You are viewing a plain text version of this content. The canonical link for it is here.
Posted to issues@nifi.apache.org by GitBox <gi...@apache.org> on 2019/06/28 18:23:12 UTC
[GitHub] [nifi-minifi-cpp] achristianson opened a new pull request #603:
MINIFICPP-929 mmap
achristianson opened a new pull request #603: MINIFICPP-929 mmap
URL: https://github.com/apache/nifi-minifi-cpp/pull/603
****--DRAFT PR please review... lots of code changes, so many eyes are welcome--****
This PR adds a mmap() interface to allow processors to map FlowFile payloads to a memory address. This increases efficiency and performance significantly for some use cases. The change does not negatively impact performance in almost all cases, as shown in benchmarks.

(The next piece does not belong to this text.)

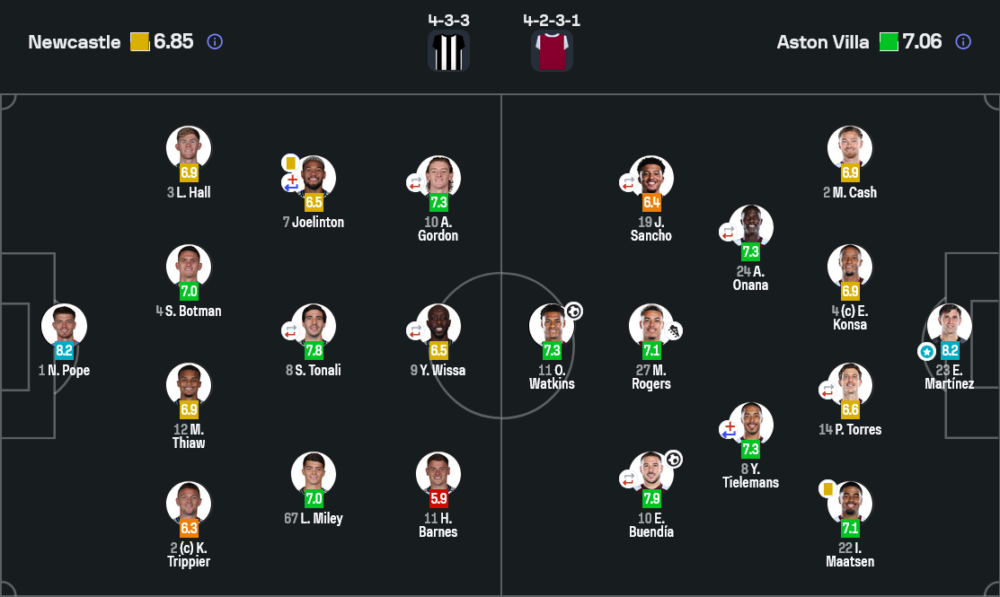 เปิดเกมมาไม่ถึงนาที นิวคาสเซิลลุยใส่ทันที ซานโดร โตนาลี ได้ง้างยิงในเขตโทษแต่ เอมิเลียโน มาร์ติเนซ เซฟแรกของเกมไว้ได้แบบนิ่งๆ จากนั้นเกมเริ่มเดือด ฟาวล์ไล่มาตั้งแต่นาทีที่ 2–7 ทั้งจากเจดอน ซานโช, แมตตี้ แคช และมอร์แกน โรเจอร์ส แสดงให้เห็นว่าแข้งวิลลามาแบบไม่เกรงเจ้าบ้าน

Original/full reason/justification:
"Currently, MiNiFi - C++ only support stream-oriented i/o to FlowFile payloads. This can limit performance in cases where in-place access to the payload is desirable. In cases where data can be accessed randomly and in-place, a significant speedup can be realized by mapping the payload into system memory address space. This is natively supported at the kernel level in Linux, MacOS, and Windows via the mmap() interface on files. Other repositories, such as the VolatileRepository, already store the entire payload in memory, so it is natural to pass through this memory block as if it were a memory-mapped file. While the DatabaseContentRepostory does not appear to natively support a memory map interface, accesses via an emulated memory-map interface should be possible with no performance degradation with respect to a full read via the streaming interface.
Cases where in-place, random access is beneficial include, but are not limited to:
in-place parsing of JSON (e.g. RapidJSON supports parsing in-place, at least for strings).
access of payload via protocol buffers
random access of large files on disk, where it would otherwise require many seek() and read() syscalls
The interface should be accessible by processors via a mmap() call on ProcessSession (adjacent to read() and write()). A MemoryMapCallback should be provided, which is called back via a process() call where the argument is an instance of BaseMemoryMap. The BaseMemoryMap is extended for each type of repository that MiNiFi - C++ supports, including: FileSystemRepository, VolatileRepository, and DatabaseContentRepository.
As part of the change, in addition to extensive unit test coverage, benchmarks should be written such that the performance impact can be empirically measured and evaluated."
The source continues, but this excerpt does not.